The appropriate missing explanations about limitation of the work were successfully added in Conclusion section. Specifically, “On the other hand, the proposed image stitching method mainly solves the problem of improving registration accuracy by designing a good transformation function. For UAV remote sensing image mosaics, additional information is usually needed, such as camera calibration parameters, or position and rotation data obtained from the GPU/IMU, ground control points, or a reference map, to achieve accurate mosaic results. However, these additional parameters do not focus on the ghost phenomenon caused by moving objects, and the ghosts cannot be eliminated by a transform function. The seam-driven image stitching method can alleviate these problems to a certain extent. However, there are still limitations in dealing with ghosts due to the following reasons: first, when there is a moving object in the stitched image, the seam may cut or copy the object; secondly, the seam-driven method selects one of the multiple seams as the final seam, and if there are fast-moving objects in the stitched images, the process of seam finding method becomes challenging. In short, the proposed method cannot deal with all the challenges of eliminating ghosts, and ghost elimination is an urgent problem.
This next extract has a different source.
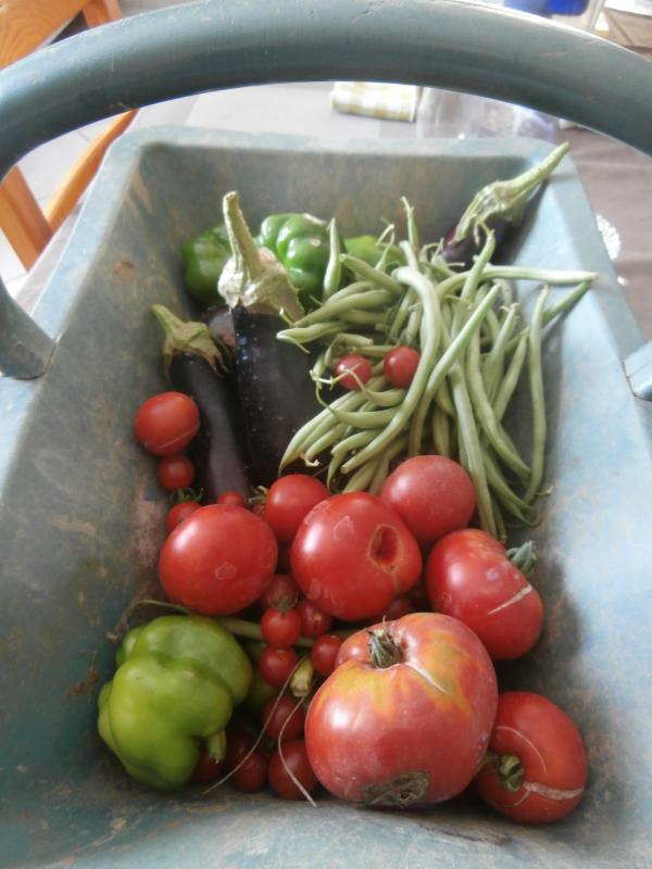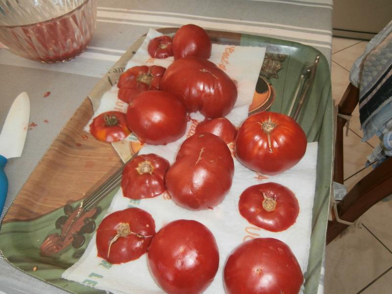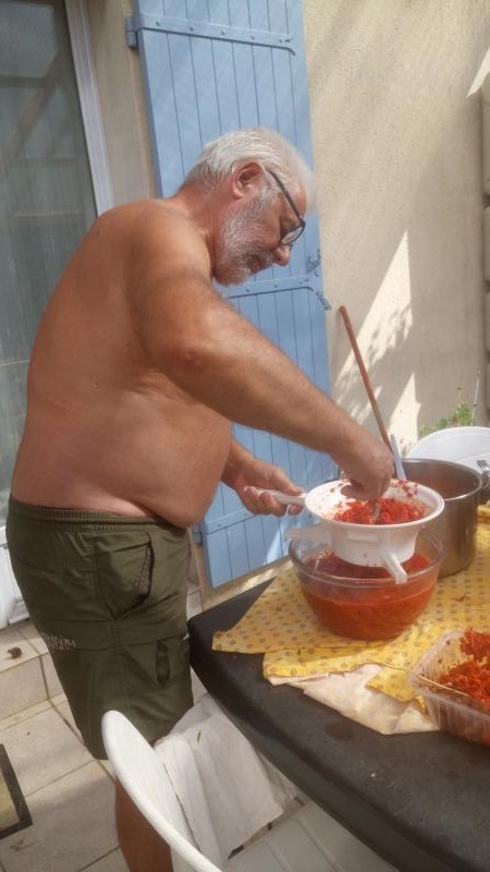 nous avons ramassé toutes les tomates cerises du jardin (et il y en avait!!!) les tomates normales et nous avons passé la journée à faire le coulis pour mettre au congélateur pour faire toutes les sauces tomates et autres soupes de l hiver - cette année j ai mis des tomates, du laurier, du thym, du basilic et tout cela à mijoter pendant 2 heures puis passé au moulin à légumes (le boulot de Monsieur!!!) remis à mijoter pendant 3/4 heures et enfin dans des bouteilles de lait vidées, au congélateur

In particular, when shooting images that are generally used for stitching, they may be at the same position or have a small rotation. However, when the UAV’s bird’s-eye view camera captures images, important factors are not only translation and rotation, but also the distance between the camera and the object, and the level of shaking, resulting in small objects in UAV remote sensing images and poor image quality, which in turn increases the difficulty of image stitching and the removal of ghosts. In future work, an adaptive threshold adjustment method will be designed to select an appropriate threshold for each group of test images to improve the robustness of the method. Also, a method to stitch UAV remote sensing images while eliminating ghosts without a seam finding process will be investigated.” Thank you for the remarks.
4- the references are very low in number. need to increase the LR.
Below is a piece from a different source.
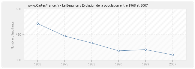 La population de Le Beugnon était de 331 habitants en 2007, 362 habitants en 1999, 355 habitants en 1990, 401 habitants en 1982, 442 habitants en 1975 et 515 habitants en 1968.
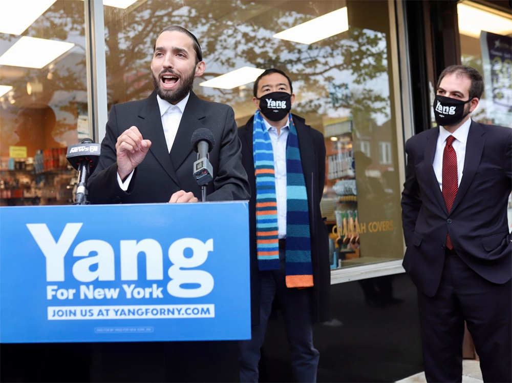 Nevertheless, Yang has the endorsement of several Orthodox politicians, including Daniel Rosenthal, a state assemblyman from Queens, and City Councilman Kalman Yeger and State Assemblyman Simcha Eichenstein, both of Brooklyn.

The LR significant improved as follow “Through various registration methods, the overlapping areas of two images can be well aligned, and the non-overlapping areas usually have serious distortions. Chang et al. [6] proposed (the SPHP) algorithm, which corrects the shape of the stitched image, and reduces the projection distortion. Lin et al. [7] proposed a homography linearization method, which is also a shape correction problem; the natural appearance of the stitching results is improved with this method by a level compared with SPHP. Chen et al. [8] proposed the global similarity prior (GSP) to obtain natural stitching results, which uses line alignment constraints to set constraint terms. Liao et al. [9] used two single-perspective warps to register images to produce natural stitching results. Li et al. [10] proposed a novel quasi-homography to solve the line blending problem between the homography transformation and the similarity transformation by linearly scaling the horizontal component of the homography, to create a more natural panorama. Also, UAV image mosaic usually needs additional information, such as camera calibration parameters, and position and rotation data from the GPS/IMU, ground control points or a reference map, to achieve accurate mosaic results. Xue et al. [11] proposed a novel image mosaic method without the requirements of camera calibration parameters, camera poses, or any 3D reconstruction procedure. This method can obtain visually satisfactory mosaic results automatically using only the raw 2D imagery captured from a UAV. Liu et al. [12] considered mosaic for low overlap UAV aerial images and found that the commonly used methods and software were not suitable for this type of data. Then, a novel adjustment model for mosaic low-overlap sweeping images was proposed. Cai et al. [13] proposed a robust transform estimator based on residual analysis and its application to UAV aerial images. Estimating the transformation between two images from the same scene is a fundamental step for image registration, image stitching and 3D reconstruction”. Thank you for your careful reading.